This is a companion blog post to a talk I gave to the Boulder Python Meetup group about the infrastructure that runs Compelling Science Fiction. Slides from that talk can be found here. Hopefully you can use some of these tools to create something new as well!
Compelling Science Fiction is run entirely on extremely inexpensive Amazon Web Services (AWS). There are currently three primary use cases that I have:
It's the last two items on that list that I'll be talking about today, because they both use the same basic infrastructure. That infrastructure is diagrammed below: As you can see, I use four different Amazon Web Services: the Simple Email Service (SES), Simple Storage Service (S3), Lambda, and DynamoDB. I'll touch on all of the ways we use these services, but AWS Lambda is the most important, because it allows us to glue together all the services with Python without provisioning any servers.

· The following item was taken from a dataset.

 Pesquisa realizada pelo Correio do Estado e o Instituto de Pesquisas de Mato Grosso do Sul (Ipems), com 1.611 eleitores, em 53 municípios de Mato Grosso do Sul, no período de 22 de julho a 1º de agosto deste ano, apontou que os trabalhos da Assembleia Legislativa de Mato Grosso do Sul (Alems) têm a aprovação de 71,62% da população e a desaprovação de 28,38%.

The process flow for a story is as follows: an author sends an email to "submissions@compellingsciencefiction.com" (please read our guidelines before submitting your story), and the email is routed to an S3 bucket by SES. The S3 bucket then triggers the submission processing lambda, which I'll give a bare-bones version of below. The lambda parses the raw MIME email, separating it out into constituent parts, which it then sends to an S3 bucket for storage. The Lambda also creates a DynamoDB entry (DynamoDB is a non-relational database that AWS provides). The DB entry contains story metadata, including author email, state (initially "unread"), time received, S3 location, and a reference ID. Finally, the Lambda emails the author a confirmation notice, and also emails a notification to me (the editor).

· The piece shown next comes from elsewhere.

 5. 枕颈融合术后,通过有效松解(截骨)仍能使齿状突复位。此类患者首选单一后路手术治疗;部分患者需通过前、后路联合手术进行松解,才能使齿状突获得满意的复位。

At this point the story is in S3 and has metadata stored in Dynamo. To evaluate the story queue, I get on my local computer and run some simple python scripts that access the queue by looking at timestamps in the database and pulling the oldest story from S3. I evaluate the story, and then use another python script to update the database with the new state of the manuscript. The process then starts all over again.
AWS Lambda:
All of the features above make Lambda a great option for services that are idle most of the time, but can have huge spikes in users. For more high-level info about Lambda, you can read this FAQ.
At it's core, an AWS lambda function is just an encapsulated chunk of code that you upload to Amazon. Therefore, the code must have well-defined inputs and outputs. On the input side, each lambda must define a handler. This is the entry point into your code. The handler must take two parameters: an “event” and a “context”. The “event” parameter is used to pass in event data to the handler. This parameter is usually a dict. It can also be a list, str, int, float, or NoneType. The “context” parameter is used to provide runtime information to your handler (timing callbacks, CloudWatch data, invocation info, etc.). This parameter is of the LambdaContext type. The context is not always used (and in fact I don't use it at all in my system). There are two types of lambda invocation: “Event” and “RequestResponse”. The former is asynchronous, while the latter is synchronous. The asynchronous type is the most used -- other entities generally don't wait around for Lambdas to respond.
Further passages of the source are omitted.